Digital Imaging and Sensors
Midwest Aerial offers clients the option of requesting airborne acquisition with either a digital imaging sensor or a traditional film camera.
To acquire accurate airborne digital imagery with high spatial resolution, we own and operate three Z/I Imaging DMC II digital mapping cameras. These large-format sensors mimic the frame geometry of traditional film cameras while providing unparalleled image sharpness and multispectral information content. The DMC II’s acquire black-and-white panchromatic and multispectral color (Red, Green, Blue and Near-Infrared) imagery simultaneously on a single pass. The digital cameras are extremely cost-effective for wide-area coverage projects.
From a practical perspective, digital imaging offers rapid turn-around time as its most important benefit. Compared to film photography, digital image acquisitions can be pre-processed and ready for delivery within 24 hours after the flight is completed. We typically have pre-processed image data on our FTP site or saved to a disk for courier delivery just hours after the plane lands. This rapid turn-around makes our clients and business partners more competitive in an industry that increasingly demands fast response and digital products.
Our combination of three DMC II’s, six aircraft and decades of experience enable Midwest Aerial to leverage our digital imaging capabilities to provide the following services:
- Simultaneous acquisition with three aircraft
- Airborne imaging in complex airspace
- Acquisition in Low-Light Conditions
- Fast response to disaster situations
Z/I Imaging DMC II-140 Digital Mapping Cameras
In 2010, Midwest Aerial transitioned from film-only acquisition to include airborne digital imaging in our list of services. We selected the DMC II digital mapping camera from Z/I Imaging. We bought a second DMC II in 2011, becoming the first company in the world to own two of them. In 2012 we took delivery of our third DMC II system maintaining our lead as the world’s largest owner/operator of this high end direct digital imaging system. Our Digital imaging makes our customers and partners more competitive because the imagery can be processed faster than film, and the geometric accuracy and color fidelity of digital images are superior. The DMC II can also be operated in lower light conditions (overcast skies or low sun angle) than film.
Designed specifically as a photogrammetric mapping camera, the Z/I Imaging DMC II offers a rigid square frame and a fixed pixel geometry in a single array that result(s?) in very high-quality geometric resolution. All DMC II systems collect four-band multispectral (Red, Green, Blue, Near IR) and black-and-white panchromatic imagery. Automated forward motion compensation and rapid refresh rate enable operators to fly the DMC II at low altitudes for large-scale survey applications and at higher altitudes for small-scale regional projects.

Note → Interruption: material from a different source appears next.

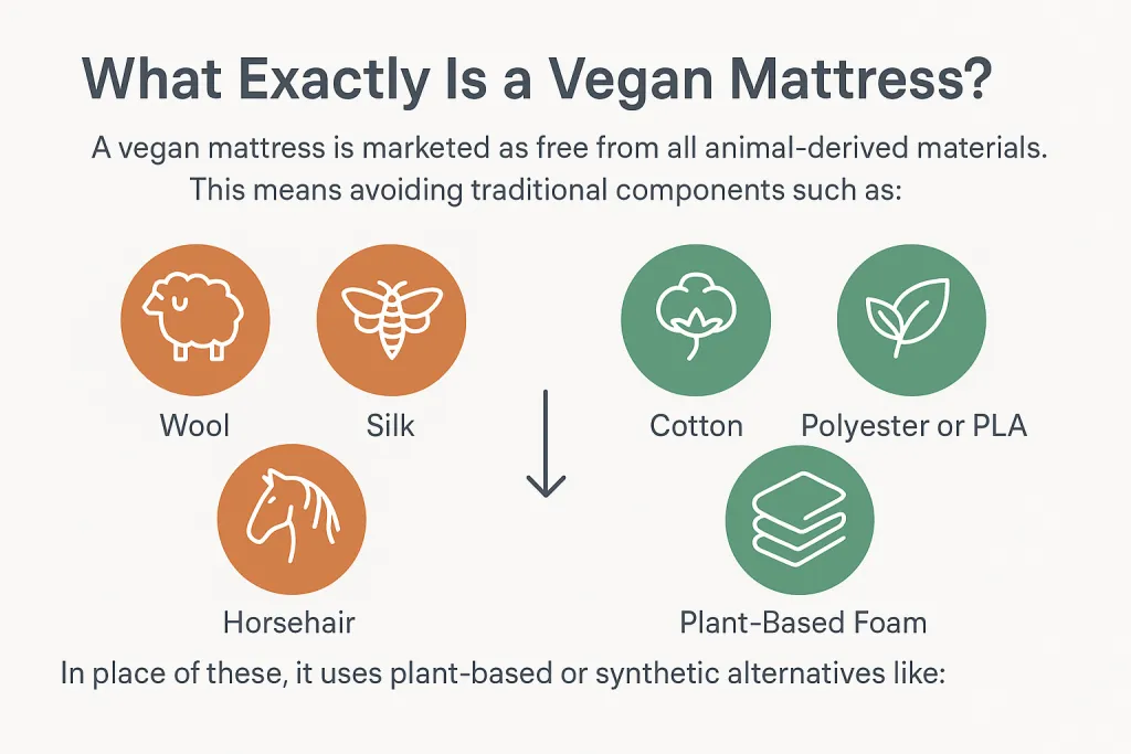 A vegan mattress avoids animal‑derived materials such as wool, silk, horsehair, cashmere, and alpaca. Fabrics and fills are typically plant‑based (e.g., cotton, hemp, bamboo) or synthetic (e.g., polyester, foams). True vegan claims should also consider adhesives, dyes and finishes that might contain animal derivatives.

The DMC II-140 cameras represent a significant evolution in the innovative digital technology introduced with the original DMC. The DMC II is the first digital aerial camera to add a single monolithic panchromatic (PAN) camera head to produce extreme wide-ground coverage for capturing large-scale, high-resolution imagery. This improves overall geometric accuracy and radiometric quality, eliminating the need for image mosaicking during post-processing. The PAN-to-multispectral pixel ratio is 1:2, resulting in extremely crisp pan-sharpened imagery. (Source: Leica Geosystems).
Ultra sharp custom lens assemblies designed by Zeiss specifically for the DMC II camera system delivering highest resolution.
1:2 Pan Sharpening ratio – The only large format digital imaging system with a pan-sharpening ration so small. This produces the highest color resolution in the final image.
2.2 second system recycle rate between images to allow standard photogrammetric stereo overlaps at a one inch pixel GSD resolution.
Ultra sharp imagery due to Forward Motion Compensation (FMC) using Timed Delay Integration (TDI) technology. One inch (2.5 cm) pixel Ground Sample Distance (GSD) resolution can be obtained.
Gyro stabilized mounts to maintain a nadair view while also compensating for angular motion during turbulent air conditions to assure a clear sharp image even under less than ideal flight conditions.
In modern aerial survey cameras, FMC technology eliminates the image motion caused by the forward motion of the aircraft. FMC can be used successfully in good weather conditions; however, the full benefit of image motion compensation becomes obvious only when the roll and pitch of the aircraft need to be compensated.